Embedchain: Finally Built a Chatbot That Knows My Stuff

Wanted an AI that answers questions using my documents. Embedchain made it actually simple. Open source, Python, works out of the box. Here's how I got it running.

The problem I was trying to solve

Had tons of documentation scattered everywhere - Google Docs, Notion, PDFs, random markdown files. Every time I needed to find something, I'd search through everything manually. Annoying.

Wanted a chatbot that knew all this stuff. Ask it a question, it searches through everything, gives an answer with sources. Seemed simple enough.

Looked into building it myself. LangChain? Too complex. Custom RAG implementation? Days of work. Then found Embedchain. Promised to handle all the messy parts.

What I actually built

Upload your stuff → Embedchain handles chunking, embeddings, vector storage → Ask questions → Get answers with citations. Took like 2 hours.

Now I just ask "what did we decide about the API rate limits?" and it tells me, with links to the exact documents.

So what is Embedchain

Embedchain is a Python framework for building RAG (Retrieval Augmented Generation) apps. Basically, it lets you create AI chatbots that know about your specific data.

What it does:

  • Ingests data: PDFs, docs, websites, YouTube, text files - whatever you have
  • Chunks it: Breaks documents into pieces that LLMs can handle
  • Embeds it: Converts to vectors for semantic search
  • Stores it: Uses vector database (can be local or cloud)
  • Retrieves: Finds relevant chunks when you ask questions
  • Answers: Uses GPT/Claude to generate responses from retrieved context

Why it's easier than rolling your own:

  • One-line data ingestion
  • Handles different file types automatically
  • Built-in chunking strategies
  • Works with any LLM (OpenAI, Claude, local models)
  • Supports multiple vector databases
  • Simple Python API

It's open source, so you can self-host everything. No sending your data to third-party services if you don't want to.

Setting it up

Install

Pretty straightforward:

pip install embedchain

Get API keys

You'll need at least one LLM API key:

# For OpenAI (GPT-4, GPT-3.5)
export OPENAI_API_KEY="sk-..."

# Or for Anthropic (Claude)
export ANTHROPIC_API_KEY="sk-ant-..."

For vector database, you can use:

  • ChromaDB: Local, free, no setup needed (easiest to start)
  • Pinecone: Cloud, better for scale (free tier available)
  • Weaviate: Self-hosted option

I started with ChromaDB since it's local and free.

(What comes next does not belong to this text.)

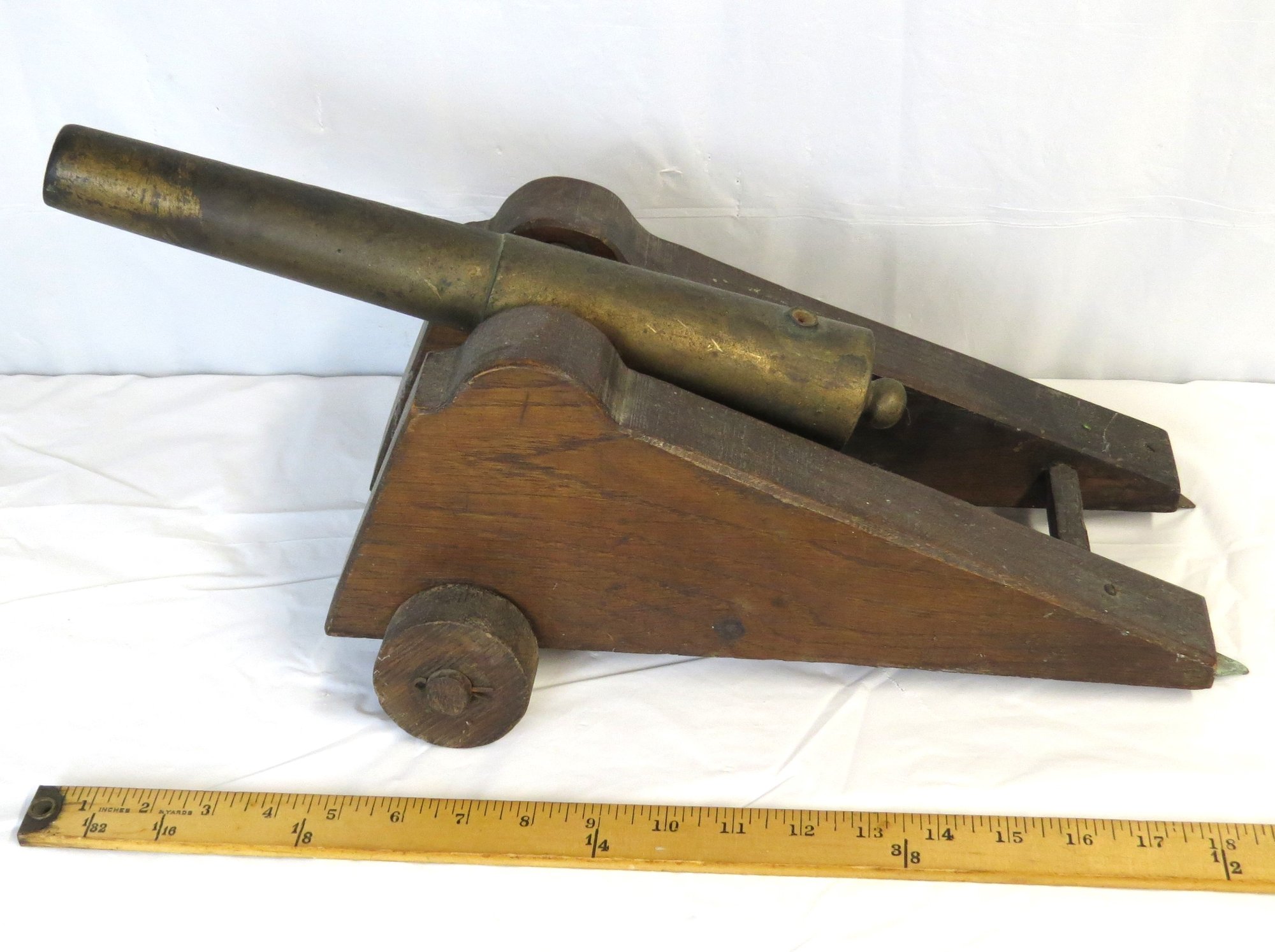 Early brass or bronze signal cannon, 14” barrel, 19 ½” overall length

Moved to Pinecone once I had more data.

Building your first bot

Simple example

Here's the bare minimum to get started:

from embedchain import App

# Create app (uses ChromaDB locally by default)
app = App()

# Add some data
app.add("https://en.wikipedia.org/wiki/Artificial_intelligence")
app.add_local("path/to/your/document.pdf")

# Ask questions
result = app.query("What is artificial intelligence?")
print(result)

With configuration

For more control over how it works:

from embedchain import App
from embedchain.config import AppConfig, ChunkerConfig

# Configure behavior
config = AppConfig(
    log_level="INFO",
    collect_metrics=False  # disable telemetry if you want
)

# Configure chunking (how docs are split)
chunker_config = ChunkerConfig(
    chunk_size=500,        # size of each chunk
    chunk_overlap=50,      # overlap between chunks
    length_function="len"  # how to measure size
)

# Create app with config
app = App(config=config, chunker_config=chunker_config)

# Now add data and query
app.add("path/to/docs")
response = app.query("What's in those docs?")

Different data sources

Embedchain handles various types:

# Web pages
app.add("https://example.com/page")

# Local files
app.add_local("docs/report.pdf")
app.add_local("notes.txt")
app.add_local("data/docs")  # whole directory

# YouTube videos
app.add("https://youtube.com/watch?v=xxx")

# Direct text
app.add({"content": "Some text you want to add", "meta_data": {"source": "manual"}})

# Q&A pairs
app.add({"question": "What's the refund policy?", "answer": "30 days, no questions asked"})

Querying with context

Get citations and see what it retrieved:

# Get response with sources
response = app.query(
    "What's our refund policy?",
    citations=True  # include where the answer came from
)

print(response.answer)
print(response.sources)  # shows which docs were used

# Query with specific context
response = app.query(
    "Compare our pricing with competitors",
    where={"metadata": {"category": "pricing"}}  # filter by metadata
)

Stuff I've built with it

Company knowledge bot

Fed it all our internal docs - policies, procedures, meeting notes. Now team asks it questions instead of bugging each other.

# Added company wiki
app.add_local("company_docs/wiki")
app.add_local("company_docs/policies")
app.add_local("company_docs/meeting_notes")

# Now works like this
query = "What's our work from home policy?"
answer = app.query(query)
# Returns: "Employees can work from home up to 3 days per week..."

Research assistant

Upload research papers, ask questions about them. Way faster than reading everything.

# Load papers
for paper in os.listdir("research_papers"):
    app.add_local(f"research_papers/{paper}")

# Now can ask
app.query("What are the main findings about transformer attention?")
app.query("Compare the approaches in these three papers")

Customer support bot

Trained on product docs, FAQs, past support tickets. Handles common questions automatically.

# Product documentation
app.add_local("docs/user_guide.pdf")
app.add_local("docs/api_reference.pdf")
app.add_local("support/faq.md")
app.add_local("support/common_issues.md")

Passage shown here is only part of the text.